Josh has a passion for developing information technology in Africa after serving there for 1.5 years as a peace corp volunteer. He is very white, and speaks fluent Swahili. During his stint there, he got 5 bouts of malaria and one of amoeba dysentery. (He also told me about a case of ocular schistosomiasis that he witnessed there on our first date, without really knowing my tolerance level for grossness.) After he came back, he worked for 2 years as a computer engineer for a Silicon Valley startup, but he quit at the beginning of this year to start his non-profit organization to help grassroots organizations in Africa use technology to sustain themselves at the community level.

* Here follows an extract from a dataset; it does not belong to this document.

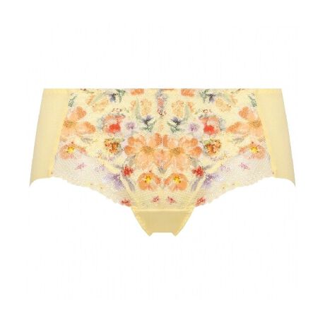はきこみは浅く、脚口はフロントがレース、後ろは一枚仕立て、ヒップハンガータイプのショーツです。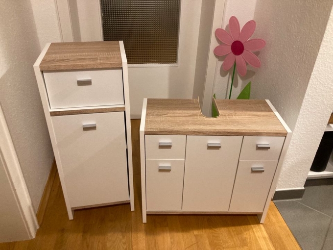 Ich verkaufe ein 3teiliges Bademöbel-Set. Ein Jahr alt, leider an einer Seite etwas aufgequollen. Sonst top.

He’s just been nominated as a TED fellow (and naturally I agreed to proof his application the night before it was due.) About a month ago, on one of his trips to Tanzania, he emailed me in the middle of his trip with the news that he got malaria– again. This would be his sixth bout of most likely falciparum malaria. He failed a course of artemether-lumefantrine, and decided to email ME about whether to start a course of malarone! He was telling me he was dizzy and seeing things that aren’t there, and I was worried sick about cerebral malaria that can kill you dead in 24 hours! He wrote back and was all like: “oh, try not to worry about me, I’ve done this under much worse circumstances, hallucinating from the fever alone in a hut on my voodoo island in Tanzania where they only have witch doctors. And I was tended to by spice smugglers who rescued me from a corrupt policeman who tried to arrest me for appearing drunk because of the malaria. Now I’m actually in the capital, where you want to avoid the hospitals because you can get TB there.” Great.
Long story short, upon his followup with a doctor in the US, the doctor thinks he initially received counterfeit artemether-lumefantrine, which should bring down fever in <12 hours and didn’t after 72 hours. Fortunately he apparently got real malarone when he decided to give that a try, because “why not?”

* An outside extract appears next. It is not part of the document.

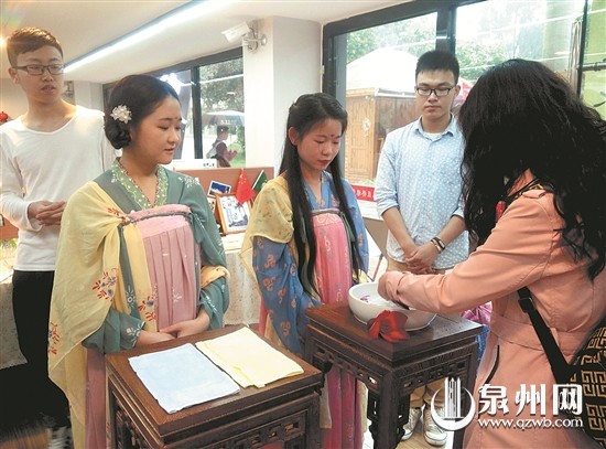 蒹葭汉服社社长李菲告诉记者,“绳结成双”就是青年男女对于自己心仪的对象,可以互系五彩绳相互认识对方。王羲之曾在《兰亭集序》中描述过“曲水流觞”,华大的学生则以茶代酒,以击鼓传花的方式来再现这一场景。

His health insurance just ran out yesterday, I think. He’s already booked another trip to other parts of Africa (Uganda, Kenya) in October to expand on his technology development. I’m thinkin’ he should visit a travel clinic before he goes, to make sure his immunizations are up to date. I also thought maybe he should pack some anti-malarials, but insurance doesn’t cover those unless you have active malaria. Malarone is like $300 out of pocket. Doxycycline prophylaxis apparently failed, so maybe he should be on qWeek chloroquine or something. I think he should also establish whether he has baseline asymptomatic parasitemia, because apparently some people do and that can mess up the diagnosis of an actue febrile illness that may not be malaria. I’m also worried about all the other great parasites you could get in East Africa, like sleeping sickness and schisto and amoeba, but I guess there isn’t great prophylaxis for those. His BMI is about 19, and he unintentionally loses weight every time he goes.
Anyway, some doctors see patients and then date them later (yeah, I know on the USMLE you have to bubble the choice that says that’s sketchy ethics). Apparently, this is happening to me in reverse. He’s not my boyfriend and I’m not getting my romantic hopes up, but I just thought I should try to help make his frequent trips to Africa a little safer because he is in a way quite the stereotypical young male patient you’re familiar with.